4 Retrieval-Augmented Generation
While large language models (LLMs) demonstrate impressive capabilities in generating human-like text and reasoning through complex problems, they face fundamental limitations when applied to legal practice. These models are trained on vast datasets with specific knowledge cutoff dates, meaning they cannot access information published after their training concluded. More critically for legal practitioners, LLMs lack access to internal documents, such as client files, internal precedents, or proprietary knowledge bases that often contain the most relevant information for practical legal work.
Consider a practical scenario. You are researching recent developments in Australian privacy law following amendments to the Privacy Act. A standard LLM might provide general information about privacy principles. Still, it cannot access the latest privacy determinations from the Office of the Australian Information Commissioner, recent Federal Court decisions, or internal analysis of how these changes affect your clients. This limitation significantly constrains the practical utility of LLMs for many legal applications.
What is Retrieval-Augmented Generation?
Watch
Watch this video from IBM Senior Research Scientist Marina Danilevsky, who explains what RAG is and the two significant advantages that combining RAG with LLMs can deliver on.
Retrieval-Augmented Generation (RAG) addresses these limitations by combining the generative capabilities of LLMs with dynamic information retrieval. Think of RAG as giving an AI system access to a specialised reference library that it can consult in real-time while formulating responses. The RAG process works through three distinct phases:
1. Retrieval Phase: When you submit a query, the system searches through specified knowledge bases to identify relevant information, including legal databases, case law repositories, internal firm documents, and client files.
2. Augmentation Phase: The system takes the most relevant retrieved information and incorporates it into the context provided to the LLM, essentially “briefing” the model with pertinent background material.
3. Generation Phase: Using both its pre-trained knowledge and the retrieved information, the LLM generates a response that is grounded in authoritative, up-to-date, and contextually relevant sources.
This architecture transforms AI from a system that relies solely on historical training data into one that can work with current, specific, and authoritative information sources.
How RAG Differs from Standard Interactions
The difference between standard LLM interactions and RAG-enhanced systems can be presented in the flowcharts below:
Standard LLM Approach:
Your Query → LLM (relying only on training data) → Response
RAG Approach:
Your Query → Search Knowledge Base → Retrieve Relevant Documents → LLM (training data + retrieved information) → Response
RAG in Legal Practice
1. Case Law Research and Analysis
RAG systems can maintain current databases of judicial decisions, automatically incorporating new judgments as they’re published. When you query recent developments in a specific area of law, the system retrieves the most current authorities and provides analysis based on the authoritative sources.

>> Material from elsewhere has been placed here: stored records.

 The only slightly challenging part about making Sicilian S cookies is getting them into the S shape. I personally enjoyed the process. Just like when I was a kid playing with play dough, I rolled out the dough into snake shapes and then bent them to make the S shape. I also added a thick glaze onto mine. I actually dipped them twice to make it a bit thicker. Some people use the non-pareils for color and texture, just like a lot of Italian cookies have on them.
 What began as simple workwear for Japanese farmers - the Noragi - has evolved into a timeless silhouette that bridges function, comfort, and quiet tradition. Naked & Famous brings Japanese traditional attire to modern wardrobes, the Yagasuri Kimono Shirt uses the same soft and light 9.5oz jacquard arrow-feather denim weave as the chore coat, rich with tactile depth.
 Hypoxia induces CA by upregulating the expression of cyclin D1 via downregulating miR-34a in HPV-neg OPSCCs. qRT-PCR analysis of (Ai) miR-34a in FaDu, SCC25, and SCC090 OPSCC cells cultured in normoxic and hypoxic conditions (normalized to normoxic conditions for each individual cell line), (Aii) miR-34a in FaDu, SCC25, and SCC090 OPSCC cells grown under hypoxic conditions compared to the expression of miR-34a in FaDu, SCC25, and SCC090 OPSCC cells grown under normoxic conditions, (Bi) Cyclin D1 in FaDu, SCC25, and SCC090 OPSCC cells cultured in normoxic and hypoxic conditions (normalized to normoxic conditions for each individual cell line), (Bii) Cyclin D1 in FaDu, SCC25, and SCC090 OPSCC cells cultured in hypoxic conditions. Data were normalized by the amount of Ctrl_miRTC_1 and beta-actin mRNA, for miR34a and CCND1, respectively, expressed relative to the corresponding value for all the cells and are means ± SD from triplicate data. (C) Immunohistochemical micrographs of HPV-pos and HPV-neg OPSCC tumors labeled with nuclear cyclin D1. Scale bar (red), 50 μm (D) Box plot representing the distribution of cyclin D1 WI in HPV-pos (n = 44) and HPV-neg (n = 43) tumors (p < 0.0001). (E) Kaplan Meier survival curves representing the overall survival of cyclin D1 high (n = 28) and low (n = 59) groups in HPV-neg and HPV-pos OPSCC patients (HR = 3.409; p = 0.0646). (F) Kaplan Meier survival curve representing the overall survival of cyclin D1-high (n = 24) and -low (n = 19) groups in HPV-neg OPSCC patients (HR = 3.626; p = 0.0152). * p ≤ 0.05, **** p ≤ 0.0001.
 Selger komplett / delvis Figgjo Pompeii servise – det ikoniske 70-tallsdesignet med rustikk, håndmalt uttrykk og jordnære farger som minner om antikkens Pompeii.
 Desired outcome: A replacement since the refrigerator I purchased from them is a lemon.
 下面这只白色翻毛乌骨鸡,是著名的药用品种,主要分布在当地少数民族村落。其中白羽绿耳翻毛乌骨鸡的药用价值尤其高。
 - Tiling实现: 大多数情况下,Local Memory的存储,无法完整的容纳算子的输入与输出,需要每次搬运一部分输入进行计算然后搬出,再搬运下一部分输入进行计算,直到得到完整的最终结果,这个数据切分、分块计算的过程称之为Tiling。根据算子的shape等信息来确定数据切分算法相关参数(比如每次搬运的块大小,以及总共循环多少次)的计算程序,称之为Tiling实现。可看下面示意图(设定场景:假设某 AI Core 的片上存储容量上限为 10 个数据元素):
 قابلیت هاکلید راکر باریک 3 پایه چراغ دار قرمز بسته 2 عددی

Example Application: “What’s the current approach to assessing deceptive similarity under the Trade Marks Act 1995 (Cth)?”
A RAG system with access to recent decisions from the High Court, Federal Court, Federal Circuits and Family Court, and the Australian Trade Mark Office can provide analysis based on the latest decisions, incorporating recent trends in judicial reasoning that would not be reflected in an LLM’s training data.

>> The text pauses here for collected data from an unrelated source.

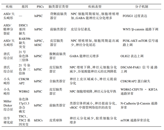 多能干细胞来源的脑类器官,尤其是患者特异性iPSC来源的脑类器官作为神经发育疾病的体外模型有巨大应用潜力。目前已有多个实验室利用脑类器官成功再现了胚胎早期发育中神经发育异常的相关表型(表1),其致病机制大多归因于神经祖细胞(neural progenitor cell, NPC)的细胞周期受阻、增殖和分化紊乱以及过早的神经分化和成熟等[4]。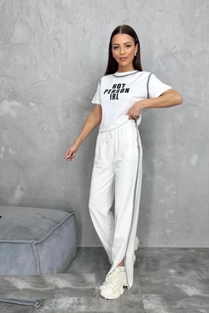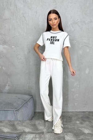 Женский костюм выполнен из футера высокого качества с хлопком и небольшим добавлением полиэстера и лайкры, что позволяет изделию не скатываться и оставлять идеальный внешний вид на долгое время. Костюм состоит из футболки с принтом и брюк с разрезами по бокам. Брюки на резинке с вместительными боковыми карманами.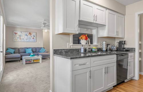 Both units offer fully equipped kitchens, complete with Keurig machines and complimentary coffee, perfect for enjoying your mornings. Bathrooms are stocked with essentials, including toothbrushes, and each unit includes a washer and dryer for added convenience.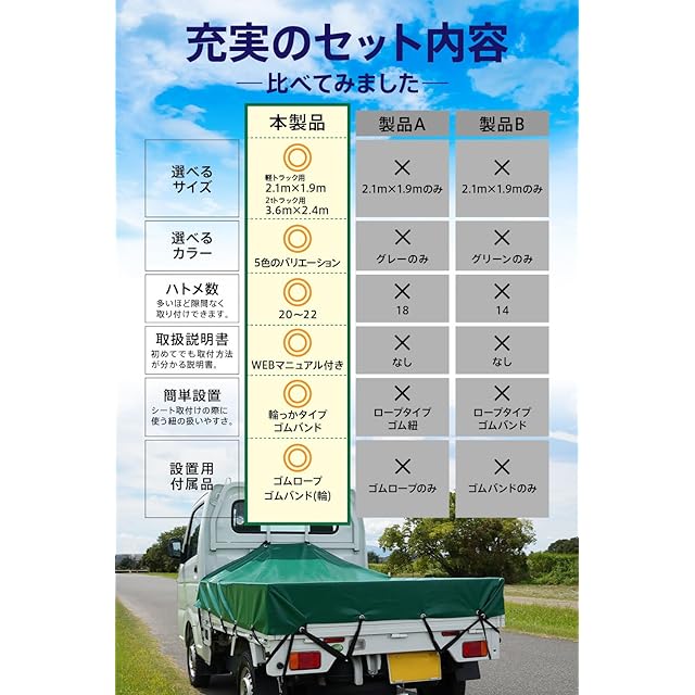 付属品 ①荷台シート本体 ②輪っかタイプのゴムバンド12本 ③荷物固定用のゴムロープ5m ④シート取りつけ用の簡易WEBマニュアル

2. Internal Knowledge Management
Legal practices accumulate substantial institutional knowledge through precedent documents, internal memoranda and training materials. RAG systems can make this knowledge searchable and actionable.

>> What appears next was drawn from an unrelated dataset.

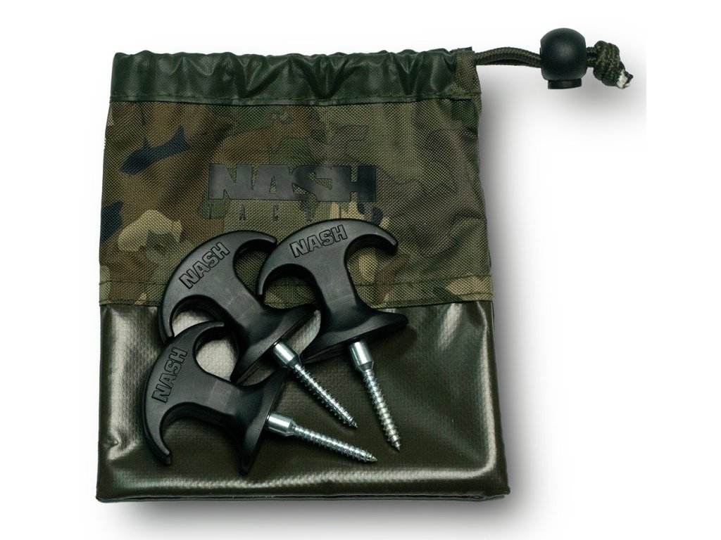 Je možné ich zaskrutkovať do drevených platforiem. Sú dodávané v transportnom vrecúšku v dizajne Nash Camo.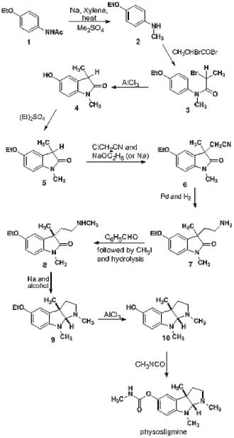 Physostigmine has two stereocenters—the two carbons where the five-membered rings join—so any attempt at the total synthesis must pay attention to obtaining the correct stereoisomer. The 71 syntheses of physostigmine yield 33 racemic mixtures and 38 products of a single enantiomer. The first total synthesis of physostigmine was achieved by Julian and Pikl in 1935.[18] The main goal of Julian's formal physostigmine synthesis was to prepare the key compound (L)-eseroline (compound 10 in the adjacent diagram), the conversion of which to physostigmine would be straightforward. In one of his earlier works[19] Julian synthesized the ring of physostigmine from 1-methyl-3-formyl-oxindole as starting material, which was discovered by Paul Friedländer. However, the starting material was expensive, and the reduction of a nitrile to an amine (similar to the reaction of compound 6 to give compound 7 in the diagram) with sodium and alcohol did not proceed in good yield. In his second work "Studies in the Indole Series III," he had improved the yield of amine from nitrile significantly by using palladium and hydrogen. Although he succeeded in the synthesis of the target compound, the route had several drawbacks. First, the chemical resolution of compound 8 is unreliable, and the chemical resolution of ''rac''-eserethole gives optically pure product only after eight recrystallizations of its tartrate salt. Second, the reductive amination going from compound 8 to compound 9 requires a large amount of Na. In the years since this initial work, many other groups have used a variety of approaches to construct the ring system and showcase new synthetic methods.

Example Application: “How did we successfully defend the last data breach notification claim?”
The system retrieves relevant internal files, strategy documents, and correspondence, enabling practitioners to build on established firm knowledge rather than starting from scratch.
3. Regulatory Compliance and Updates
RAG systems can maintain current databases of regulatory instruments, guidance notes, and compliance materials, ensuring advice reflects the latest regulatory position.
Example Application: “What are the current ASIC requirements for related party transaction disclosure?”
The system accesses current ASIC regulatory guides, recent determinations, and compliance materials to provide current guidance.
4. Client-Specific Document Analysis
RAG enables AI systems to work with client-specific document sets, maintaining confidentiality while providing sophisticated analysis capabilities.
Example Application: During due diligence, upload a client’s complete contract portfolio and ask: “Identify all change of control provisions and assess their implications for the proposed transaction.”
The integration of RAG into legal practice represents a significant advancement on LLMs. By understanding the capabilities of these systems and implementing appropriate quality controls, legal practitioners can harness RAG to utilise LLMs with more comprehensive, current, and accurate legal information.